You are referring to the project to locate the nests of invasive giant Asian hornets, or so-called "murder hornets."
We used small wireless sensors to track hornet nests by trapping and tagging insects and looking at the wireless signals. It took a lot of effort, but everything happened within a span of two months, because the sensors are programmable. If you want to accelerate innovation, you need to make sure that the tools are accessible to a large set of people and, importantly, programmable in software. It shouldn't only be possible if you have the right connections and invest $1 million in fabrication.
"If you want to accelerate innovation, you need to make sure that the tools are accessible to a large set of people and, importantly, programmable in software."
You also have worked on several healthcare applications, using smart devices to do things like monitor people's heart rate and breathing.
We call the idea contactless sensing. In 2013, we showed you can use Wi-Fi signals to recognize gestures from anywhere in your house without having to wear a special device. Wi-Fi signals reflect off your body, and machine learning and signal processing algorithms can understand how you are actually moving.
One of the questions that always came up is, "What is a concrete and impactful application for this technology?" So, we started asking ourselves where you might need contactless tracking. Sleep is one example. We showed that you can reflect signals that are generated by your smartphone to track sleep apnea.
In tests, the app you built achieved accuracy levels that were comparable to thousand-dollar polysomnography tests.
The technology was licensed by ResMed, which makes sleep apnea machines.

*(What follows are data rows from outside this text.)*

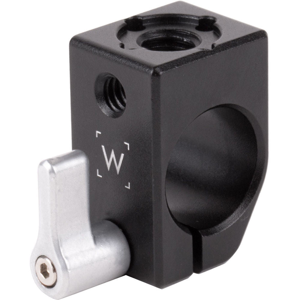 Provided by third party: 19mm Rod Clamp to ARRI Accessory Mount attaches to a 19mm rod and provides an ARRI standard accessory mount. In addition to the 3/8-16 hole, 1/4-20 holes are present on each side for attaching additional accessories.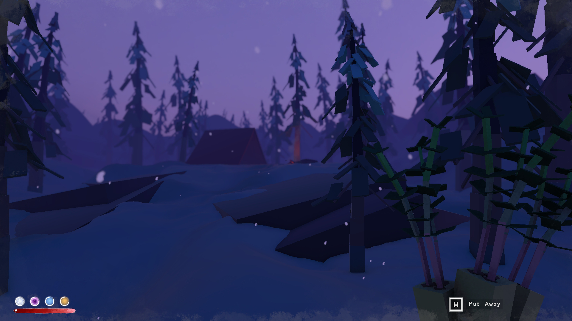 The Lonely Mountain, a winter survival game, designed to provide solace and comfort to players seeking a solitary, reflective gaming experience. This project was developed around the research question “How can I design a survival game that uses mechanics to create a sense of isolation that feels comforting rather than ‘eerie’?”.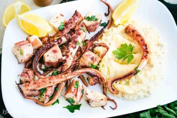 Tentacule de calamar la tigaie - servite cu piure de cartofi cu ciuperci uscate. E un meniu “copiat” aproape 1:1 dupa ce am mâncat ceva similar la un restaurant din Galați și am fost nemulțumită de cantitatea de trufe din piure. Așa că am căutat trufe uscate pe la supermarketurile din oraș. Nu am găsit decât ciuperci uscate, dar am făcut o treabă foarte bună cu ele. În orice caz, mai bună decât restaurantul 😅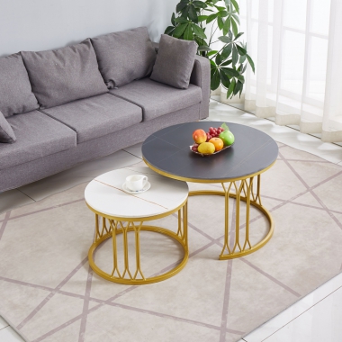 勝芳茶幾批發 不銹鋼 鐵藝 巖板 板式 茶幾 簡約現代北歐 茶桌 家用 小戶型 客廳 圓形桌子 高低組合 創意小茶臺 鑫尚億家具

It's been used to track more than 70 million hours of sleep so far in the public.
You've since extended the work to smart speakers.
Smartphones are good, but what is the thing you don't need to plug in every night, that's always just there? For me, that's my smart speaker. What if it could track my sleep? What if it could track my heart rate or tell me whether I'm having a cardiac arrest? We've designed algorithms to do all those things in a completely contactless manner and tested it with real patients. So your smart speaker goes from something that just plays music to something that can transform people's health and save people's lives. I think that's incredible.

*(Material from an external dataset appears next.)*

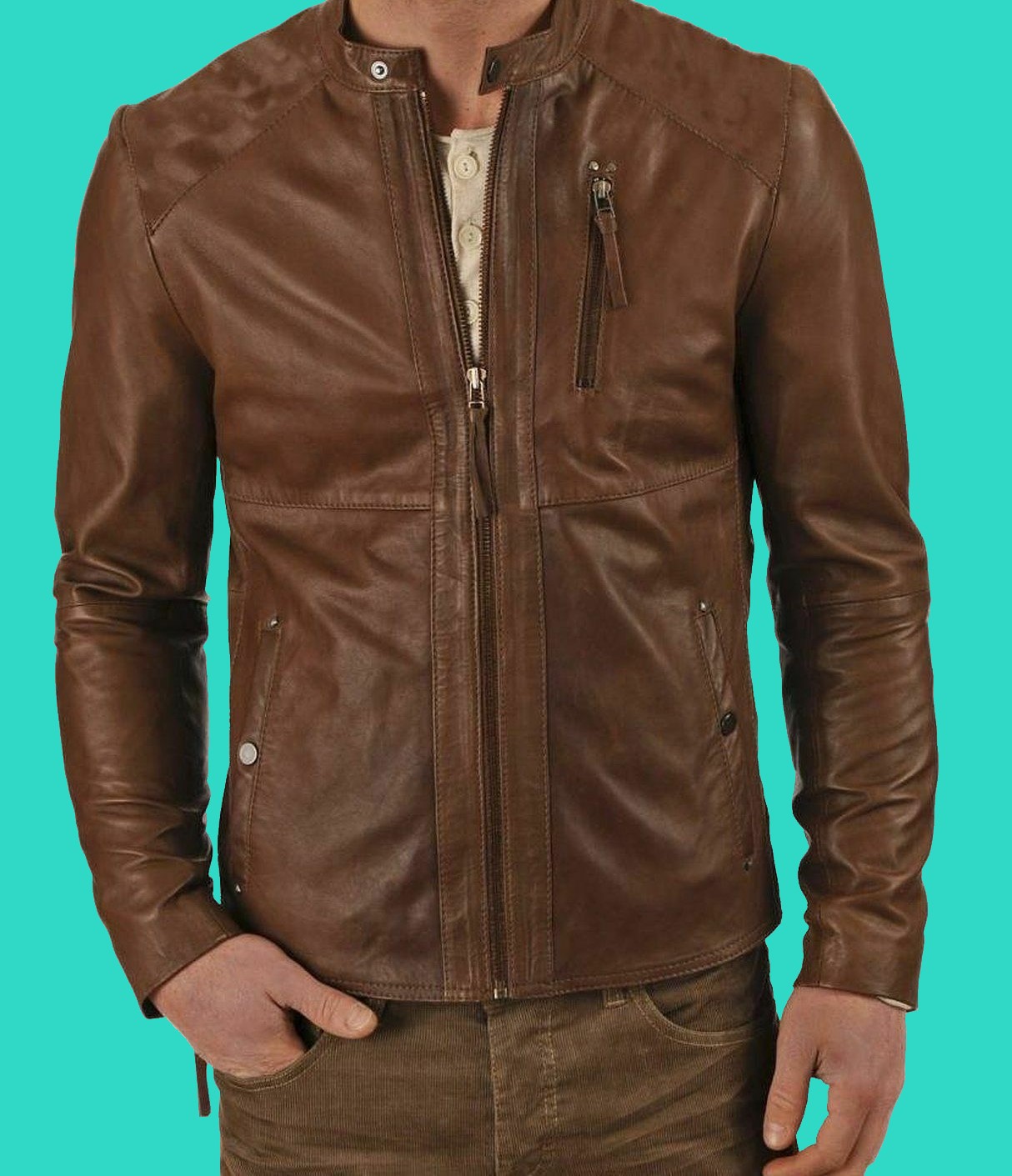 Men's Leather Jacket Biker Brown Motorcycle Genuine Lambskin Jacket

Many traditional healthcare companies were slow to recognize the power of digital health technologies. What has your experience been?

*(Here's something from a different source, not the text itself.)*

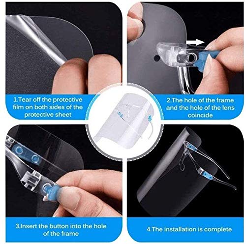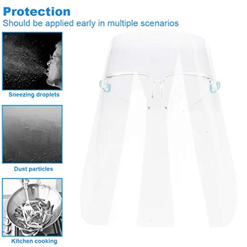 # Full Face Protection: Our face shield with a flexible wrap-around design,which provides side and front face protection,with 180 degree of protection,which provides a full coverage of eyes,nose,and mouth,to help prevent droplets of saliva,coughs,sneeses,hot oil splash,and other foreign substances from reaching your face.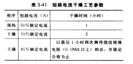 (2)干燥步驟及工藝參數(shù)。短路電流干燥工藝參數(shù)見表3-41。機端經(jīng)交流電流表A后,三相線端U、V、W用連 接片短路。起動內(nèi)燃機使發(fā)電機接近額定 轉(zhuǎn)速,調(diào)節(jié)自耦調(diào)壓器提高其輸出電壓, 經(jīng)整流器向勵磁機定子繞組(或發(fā)電機轉(zhuǎn)子繞組)提供勵磁電流,定子三相繞組感應(yīng)三相短路電流,發(fā)電機便發(fā)熱干燥。調(diào)節(jié)自耦調(diào)壓器輸出電壓,可調(diào)節(jié)定子短路電流大 小。每半小時測量記錄一次繞組絕緣電阻,直至符合要求。

When we started off in 2014, mobile health was a big thing within the tech field, but it was not yet a big thing in healthcare. In the last five or six years, there's been a huge amount of change. The new crop of people who are graduating and becoming physicians have all grown up with cellphones. They're tech savvy, and they're questioning the status quo. A lot of change is happening within the community, which is great.
At the same time, there is a higher bar you need to get through when you make a medical claim. You need to get FDA (U.S. Food and Drug Administration) clearances and you need to prove the efficacy. But some of that bureaucracy and due diligence is useful, because you don't want someone to just start claiming that this is going to cure cancer.
How does this work fit into your research agenda for the next few years?
There are two main things I think the computer science community should focus on the next couple of decades. One of them is making technology more environmentally conscious—everything large, like datacenters, and small, like Internet of Thing devices, consumes a large amount of power. The second thing is health. Making devices and diagnostics more cost- and power-efficient is hugely important, particularly in the developing world, as well as in rural, resource-constrained settings.